6. Regulation amending Council Regulation (EC) No 2012/2002 establishing the European Union Solidarity Fund



1. Introduction

Council Regulation (EC) No 2012/2002 of 11 November 2002 establishing the EU Solidarity Fund 1 (hereinafter 'the Regulation'), provides that a report on the activity of the Fund in the previous year shall be presented to the European Parliament and to the Council. The present report presents the activities of the EU Solidarity Fund (hereinafter “EUSF”) during the year 2014: the treatment of new applications and the assessment of implementation reports with a view to preparing these for closure. It also addresses the Regulation amending the EUSF Regulation which was adopted in June 2014 2 .
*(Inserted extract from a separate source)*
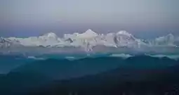 They are not isolated but a group of silent giants standing shoulder to shoulder, forming a continuous barrier. The snow on the peaks glistens coldly under the sunlight, like scattered diamonds cast by God, while the clouds and mist wrapped around the mid-mountain add a touch of ethereal mystique to this grandeur. The wind blows from deep within the glacier, carrying ancient chill; when it brushes your cheek, you can almost hear the faint cracking of the ice layers—traces of time etched on the snow mountains.

In the course of 2014, the Commission received thirteen new applications for EUSF assistance which is above the average in terms of the number of applications. In detail, these applications concerned the flash floods in Sardinia/Italy, the Cyclone Bejisa/France, the earthquake on the island of Kefalonia/Greece, the ice storm in Slovenia, the ice & floods disaster as well as the spring floods in Croatia, the severe winter in Romania, the floods in Serbia, the spring and summer floods in Romania, the spring and summer floods in Bulgaria and the autumn floods in Italy.

Seven of these applications were accepted by the Commission, two were rejected and for four applications assessments could only be completed in 2015 3 .

In financial terms, in the course of 2014, the Commission approved aid from the EUSF amounting to a total of EUR 126,725 million; details are described in chapter 3 “Financing”.

In total EUR 400,806 million of aid could be paid out, namely for the flooding events in Germany, Austria, the Czech Republic of 2013, the drought and fire disaster in Romania and the flooding disaster in Croatia of 2012.

Annexes 1 to 4 present the applicable thresholds for mobilising the Fund for 2014, a summary of the applications received and a complete list of applications dealt with since 2002.


2. New applications received in 2014

In 2014, the Commission received thirteen new applications. Since the entry into force of the revised EUSF Regulation in June 2014, assessments of six applications received prior this date were carried out under the former EUSF Regulation. Applications received after June 2014 were assessed according to the provisions of the revised EUSF Regulation. The most important information on these new applications is summarised below.

Applications received prior to June 2014 (former EUSF Regulation):

ITALY – Floods in Sardinia

On 18 and 19 November 2013, wider parts of Sardinia were affected by extreme rainfall. As a result of the vast amount of rain falling in a short period of time many rivers burst their banks causing floods and landslides. Serious damage occurred to residential homes, businesses and agriculture and the disruption of major and local transport links and essential public infrastructure networks. Italy reported 16 casualties, over 1 700 displaced people and one missing person. The Copernicus Emergency Management service was activated.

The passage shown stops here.